Multi-Asset Fund
A multi-asset fund is a mutual fund scheme that mandatorily invested in at least three asset classes — such as equity, debt, and gold — with a minimum allocation of at least 10 percent in each, providing built-in diversification within a single fund.
SEBI's mutual fund categorisation circular of October 2017 defined multi-asset allocation funds as schemes required to hold a minimum of 10 percent in at least three asset classes. In practice, most multi-asset funds in India invested across equity, debt, and gold, with some also including silver, REITs, InvITs, or international equity within their mandated ranges. The fund manager was typically given a mandate to vary allocations dynamically based on valuations and market conditions, making multi-asset funds an active, discretionary solution for holistic portfolio construction.

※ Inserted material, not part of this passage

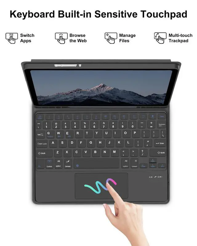 Compatibility ModelFits for Samsung Galaxy Tab S10 FE/S9 FE 5G 10.9 inch (Model SM-X510/X516B/X518U), for Samsung Galaxy Tab S9 11 inch (Model SM-X710/X716B/X718U) 2023 Release tablet. This galaxy tab keyboard case will NOT work for any other model device. ^^ Precision Touchpad Keyboard for Galaxy S9 TabTransform your tablet into a powerful productivity tool with our for samsung tablet a9 plus keyboard. The new ergonomic touchpad for samsung s9 fe tablet case with keyboard supports clicks, pinching, sliding, and rolling. Just fingertips to accurately control the tablet, edit documents at an unparalleled speed, browse the network, and create presentation.

The appeal of multi-asset funds was the outsourcing of tactical allocation decisions to a professional manager within a single product. Rather than maintaining separate SIPs into equity, debt, and gold ETFs and periodically rebalancing, an investor could rely on the fund manager to shift weights between asset classes as valuations changed. During periods of expensive equity valuations, the manager could reduce equity weight and increase debt or gold; during corrections, equity allocation could be increased. This dynamic rebalancing was handled within the fund NAV with no immediate tax implication for the investor.
Taxation of multi-asset funds was determined by their equity exposure. SEBI and income tax rules defined an equity-oriented fund as one with more than 65 percent in equity and equity-related instruments. If a multi-asset fund maintained this threshold, it qualified for equity fund taxation: LTCG above Rs 1.25 lakh at 12.5 percent after one year, and STCG at 20 percent within one year. Funds with equity exposure between 35 and 65 percent and debt exposure above 35 percent qualified as a separate category for taxation purposes under rules applicable post April 2023, while funds that did not meet the equity-oriented threshold were taxed at slab rates.
Prominent multi-asset funds in India included offerings from ICICI Prudential, Quant, Nippon, Axis, and UTI, each with somewhat different asset allocation philosophies. Some funds maintained relatively stable allocations, while others were distinctly dynamic. Reviewing the actual asset allocation history and rationale, not just the fund's name, was important to assess whether the manager's approach aligned with an investor's expectations.
For investors who lacked the time or expertise to manage their own asset allocation across multiple accounts and instruments, multi-asset funds provided a convenient, professionally managed solution. The risk was single-manager concentration and the possibility that the fund's tactical calls could underperform a static, self-managed allocation during certain market phases.